Israel telah menjelaskan bahwa berdasarkan ketentuan Perjanjian Oslo, Otoritas Palestina bertanggung jawab atas perawatan kesehatan warga Palestina di Tepi Barat. Negara Yahudi telah menekankan, bagaimanapun, bahwa mereka berkomitmen untuk membantu memfasilitasi pergerakan vaksin yang telah dibeli PA.

Namun kebijakannya di Gaza berbeda. Perdana Menteri Benjamin Netanyahu berada di bawah tekanan publik domestik untuk tidak mengizinkan vaksin masuk ke Gaza sampai Hamas melepaskan sisa-sisa dua tentara dan membebaskan dua warga Israel.

Israel berencana untuk mempertimbangkan setiap permintaan oleh PA untuk mentransfer vaksin ke Gaza berdasarkan kasus per kasus. Sampai saat ini hanya diperbolehkan dalam 2.000 dosis, cukup untuk 1.000 orang saja.

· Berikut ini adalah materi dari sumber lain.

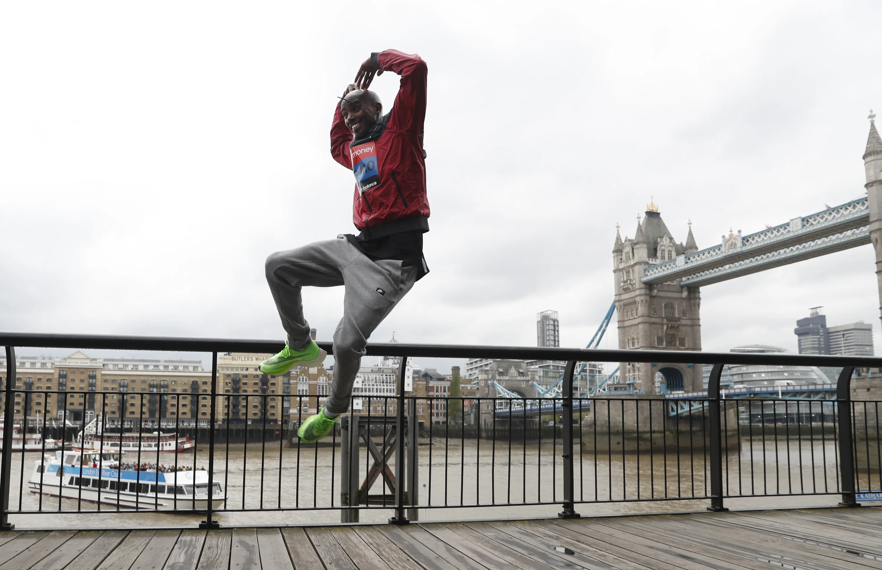 Britain's Mo Farah leaps as he poses for the media during a photo call for the London Marathon in London, Wednesday, April 24, 2019. Farah will take part in the 39th London Marathon which takes place Sunday April 28. (Photo by Alastair Grant/AP Photo)

Pada sesi pembukaan Dewan Hak Asasi Manusia Perserikatan Bangsa-Bangsa pada hari Senin, Menteri Luar Negeri PA Riyad al-Malki mengatakan Israel memiliki tanggung jawab untuk menyediakan vaksin, dan secara khusus menyerukan untuk mengizinkan vaksin memasuki Gaza.

“Jika Israel melanjutkan kebijakan ini, itu adalah akibat dari kurangnya akuntabilitas di kancah internasional,” kata Malki.

Otoritas Palestina berencana untuk melindungi 20% warga Palestina melalui program berbagi vaksin COVAX. Pejabat PA berharap untuk mendapatkan vaksin tambahan untuk mencapai cakupan 60%.

Perkiraan biaya menunjukkan bahwa “total sekitar $ 55 juta akan dibutuhkan untuk menutupi 60% populasi, di mana terdapat kesenjangan sebesar $ 30 juta,” kata Bank Dunia, menyerukan bantuan donor tambahan.

Meskipun PA mengharapkan untuk menerima pengiriman awal COVAX dalam beberapa minggu, program tersebut berisiko gagal, terutama karena kurangnya dana. Otoritas mengatakan memiliki kesepakatan pasokan dengan Rusia dan pembuat obat AstraZeneca, tetapi dosisnya telah ditunda.

Kementerian kesehatan PA mengatakan pada hari Jumat bahwa Israel telah setuju untuk memvaksinasi 100.000 warga Palestina yang secara teratur menyeberang ke Israel untuk bekerja.

Keputusan untuk memvaksinasi pekerja Palestina harus segera dibuat, kata Komisaris Coronavirus Prof Nachman Ash kepada wartawan pada hari Minggu.

“Dari perspektif medis, kami pikir memvaksinasi pekerja Palestina adalah hal yang tepat untuk dilakukan.”